One of the first meals I learned to make for myself, aside from scrambled eggs and fried chicken, was fettuccine Alfredo. When I was little, I was wary of fettuccine Alfredo, although I have no idea why. With its copious amounts of butter, cheese, and cream, fettuccine Alfredo is kid-friendly and artery-threatening. In high school, I'd make it for myself on weekends when my parents weren't around (apparently I hadn't watched enough Saved by the Bell episodes because I never thought to throw a hilariously disastrous house party).
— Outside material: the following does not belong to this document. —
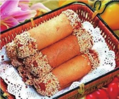 ⑤面包卷的两边沾一点鸡蛋液,然后沾上芝麻。
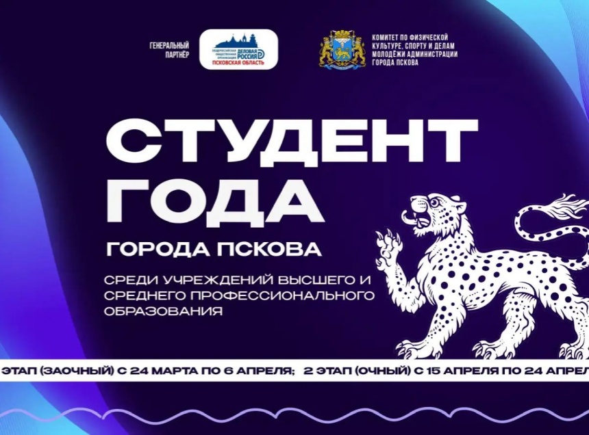 По его словам, участие в конкурсе «Студент года города Пскова» могут принять студенты второго курса и старше очной формы обучения как вузов, так и колледжей, проявившие себя в прошлом учебном году – в науке, учебе, спорте, творчестве, профессиональной или общественной деятельности.

I used this little cookbook that my mom has had since the 70s; it is, strangely enough, a "cheese" cookbook (who would have thought there were enough cheese-based recipes to fill a cookbook?), and I've only ever seen anyone in my family use the fettuccine Alfredo recipe.
My mom usually makes fettuccine Alfredo for special occasions, like our annual Christmas party (easy for quadrupling, smaller stain risk than marinara) or birthdays, when we usually pair it with lobster (a delicious holdover from one of my mom and dad's favorite chefs ever. There version is not as good as his, where lobsters would volunteer to be a part of such a good meal, but it's still pretty amazing).
I like making fettuccine Alfredo because it is one of the few meals I can make reliably without using a recipe. Since expanding my cooking repertoire, I try to adhere fairly closely to recipes, but it's hard to go wrong when you're mixing cheese, cream, butter, and pasta. It was one of the recipes I made a lot last year, when I eschewed my last few months of college-provided food to cook for myself and Dave in his little kitchen (mistake. I could write an ode to Roy and the other Cabot chefs, who would grill me hot dogs even when the dining hall was closing and regularly turn out fresh-baked cookies). Dave's roommates were intrigued, and so I taught them how to make it and Kevin said (with delight) "It's like grown-up mac and cheese!"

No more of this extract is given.